There is something wrong here. Intel CPUs do not implement FMA4 instructions (see https://en.wikipedia.org/wiki/FMA_instruction_set#CPUs_with_FMA4 ), and the compiler should not have emitted FMA4 instructions unless you explicitly requested a -tp option to target an FPU different from the one on the host. More specifically, if you compiled on the Xeon system, and used the default -tp option or one compatible with the Xeon-E, FMA4 instructions should not be present in the compiled code.

pgf90 -V

will tell you what type of CPU you have.

If it is older than a sandybridge, the illegal instruction makes sense.


dave

On the intel node I’m targeting, I get:

gmp13x64@dena5:~$ pgfortran -V

pgfortran 13.10-0 64-bit target on x86-64 Linux -tp sandybridge 
The Portland Group - PGI Compilers and Tools
Copyright (c) 2013, NVIDIA CORPORATION.  All rights reserved.

On the system I often build on (AMD), I get:

gmp13x64@dena:~$ pgfortran -V

pgfortran 13.10-0 64-bit target on x86-64 Linux -tp bulldozer 
The Portland Group - PGI Compilers and Tools
Copyright (c) 2013, NVIDIA CORPORATION.  All rights reserved.

I build with:

pgfortran -tp=sandybridge ....

As far as I understand, it should make a difference whether I’m building on intel or simply targeting intel. I have build some of my code on the intel nodes, but not my whole dependency stack. I did rebuild all my dependencies between each test, but on the AMD nodes with the target for sandybridge.

I can try simply building on Intel and removing my target specifier, see if that makes any difference.

I’ll post my results as soon as I have them. Thanks

Hi Matt,

I’m wondering if you’re statically linking in the AMD libm or linking with ACML?

  • Mat

I don’t believe I’m linking with ACML. I do install ACML, but have never looked into how to use it (can’t remember off hand what it does)

I do statically link in the lib that has the bad instruction, but I build that static library with the target instruction set. i.e. between every test, I went to the lib’s build directory, make clean'ed, ran a find to delete any copy of the lib, and re-built. Then I did the same with my executable.

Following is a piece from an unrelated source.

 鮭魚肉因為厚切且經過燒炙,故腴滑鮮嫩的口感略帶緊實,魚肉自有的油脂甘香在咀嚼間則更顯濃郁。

Now that I have it narrowed down to literally just a cos() statement causing the issue, I’m going to write one file test cases.

Hi Mat,

I found a lib in my build directory that wasn’t being cleared by make clean or my paranoid find . -iname '*.o' -exec rm \{\} \;, this was holding on to a few objects through the builds and causing these issues.

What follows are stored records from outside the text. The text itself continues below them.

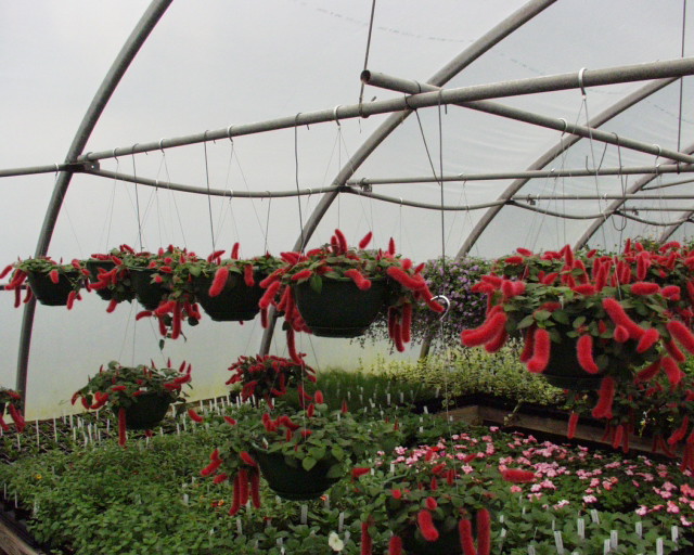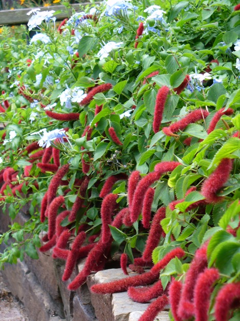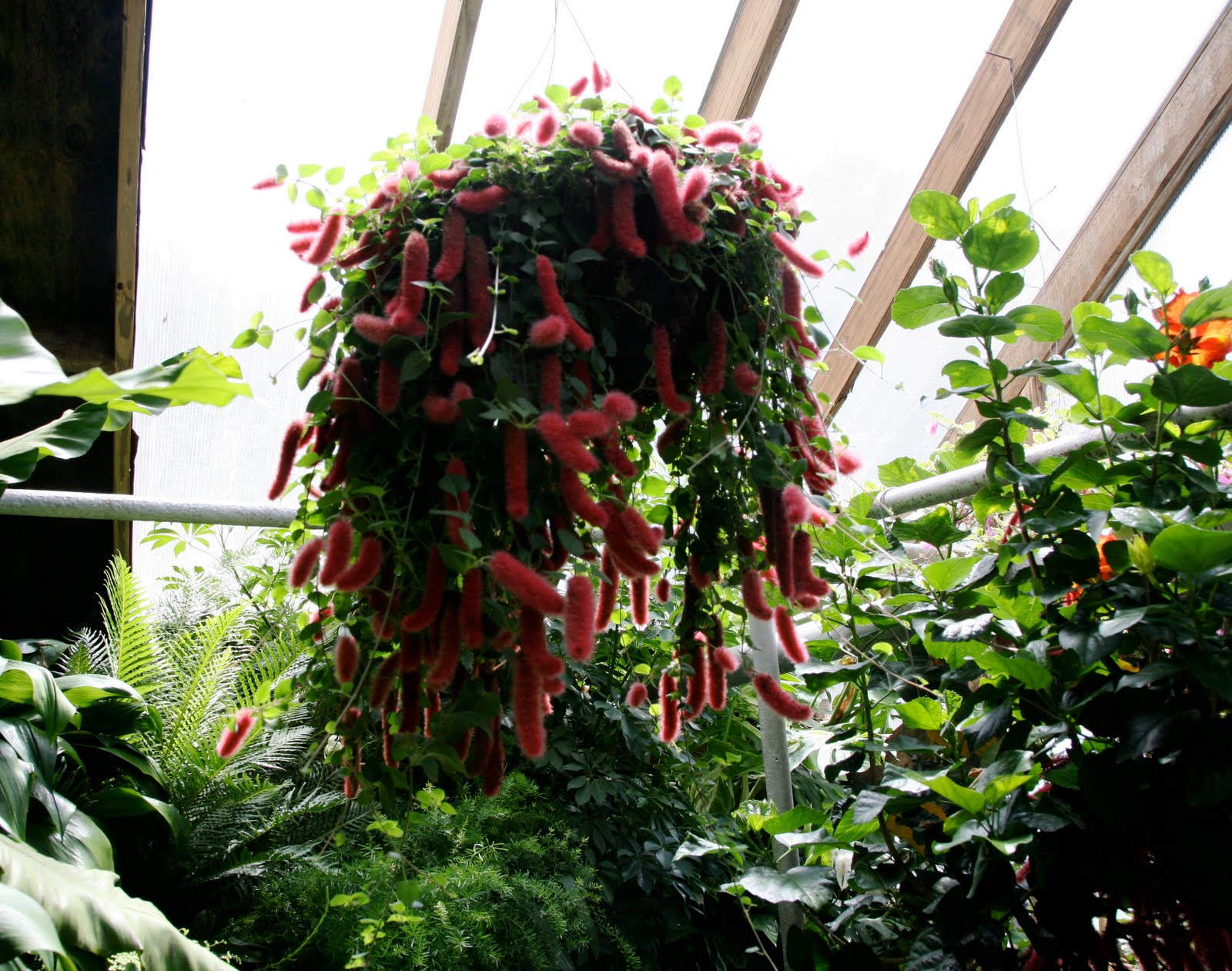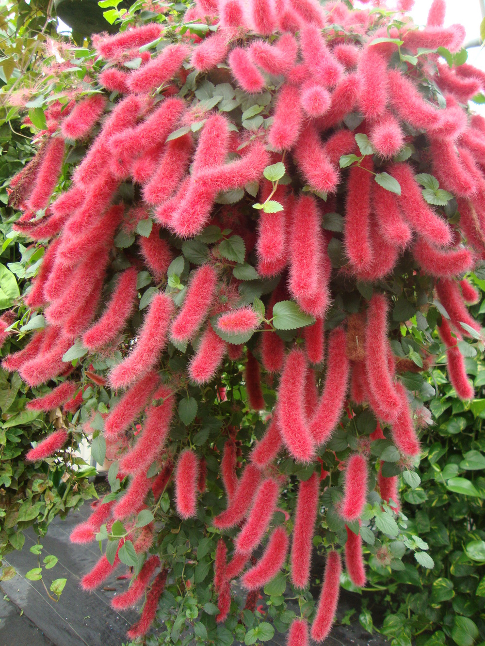 گل های این گیاه زیبا و به صورت شاتون هایی به رنگ قرمز و آویزان می باشند. هر گیاه می تواند تعداد زیادی گل تولید کند. در صورت مناسب بودن و گرم بودن دمای هوا، می تواند در تمام طول سال گلدهی داشته باشد. آن چه که ما در این گیاه، گل می نامیم در واقع سنبله ای است که از تعداد بیشمار گل های ریز به رنگ قرمز روشن تا صورتی تیره تشکیل شده است و حدود 15 تا 40 سانتیمتر نیز طول دارد. تعداد زیادی از این سنبله ها از ساقه های گیاه روییده و آویزان می شود و شکلی شبیه دم گربه پیدا می کند.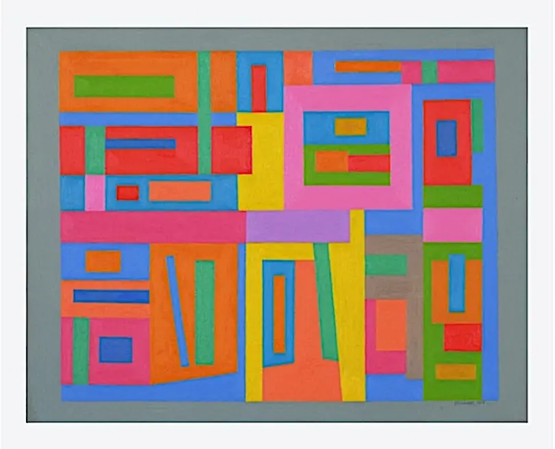 Untitled, by Ad Reinhardt. An extreme departure from his later works, we find a vivid palette of colors that engages the viewer. Fair Use license. Wikiart.org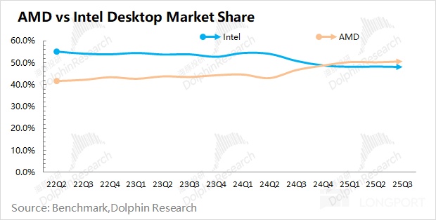英特尔经营面的 “低迷”,主要是公司处于 “看不到希望,还被偷家” 的局面:一方面,公司固守在传统数据中心 CPU 领域,而迟迟未能打开 AI 芯片的局面;另一方面,公司原本的优势领域(PC CPU 市场)还持续受到 AMD 的冲击,尤其是在桌面级 CPU 市场中,AMD 的市场份额实现了对英特尔的反超。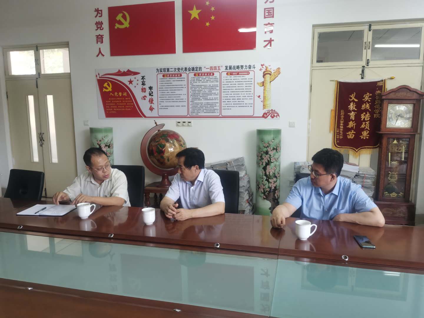 7月14日下午,省委教育工委有关部门领导来我校调研基层党建工作。在听取学校有关汇报后,省委教育工委学校组织处副处长彭洪文来到马克思主义学院就师生党支部建设情况听取汇报并进行调研,学校党委副书记刘宝君、党委组织部部长李伯伟陪同调研,马克思主义学院党政班子成员、教师党支部、学生党支部有关人员参加调研活动。

Once I started cleaning that lib too, my illegal instructions went away.


These builds were done by actually building on the node it self without any target specified. I’m now going to try returning to the AMD headnode and cross compiling by specifying the target.

Thanks for all the help!